I can better speak to the Qur'an's role in history: after the Muslims finalised what was in the Qur'an and what wasn't (whenever that was), the book became a political MacGuffin. For instance when the 'Abbasids were disputing with the 'Alids, both sides claimed to be "calling to the Book of God and to His Prophet's Sunna"; and the subsequent "discussion" was carried out bi'l-Sayfi. This happened over and over again. If you think one side had the best interpretation and the other didn't, if you ever think that, then you have yourself become suckered into their propaganda. One'd think that people would at least read their Patricia Crone and Martin Hinds.
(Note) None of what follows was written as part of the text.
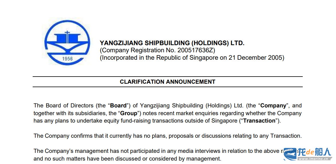 Recently, Yangzijiang Shipbuilding (Holdings) issued a clarification in response to market inquiries regarding whether the company plans to conduct equity financing transactions outside of Singapore.

In the earlier era, at least up to the late 100s / 720s IMO, I do perceive fights in which two sets of Muslim held two different versions of the Book. They're easy enough to spot: history-texts almost always elide this with mentions of "the qurra'", rather than of the Qur'ans. (The one possible exception to this now-orthodox censorship is when they discuss the Haruriya - movements so utterly marginal that whatever they brought forth or excluded could not threaten that orthodoxy.) "The qurra'" tend to be most associated with the upheavals of the middle 30s / 650s; another outburst of "qurra'" activity occurred during the fitna of 'Abd al-Rahman circa 80 / 700. But in this case - if I'm right - the disputes came first, rendering the qur'ans-plural even more incidental. If I'm wrong then each section of qurra' simply joined whatever movement they liked best and tortured the interpretations to fit... so we're back to the prior paragraph.
The Qur'an may as well be a golden calf inscribed with a few mottos on its plinth. And that inscription wouldn't be much longer than "we fight, we fuck, we kill but at least we don't drink beer; yay God".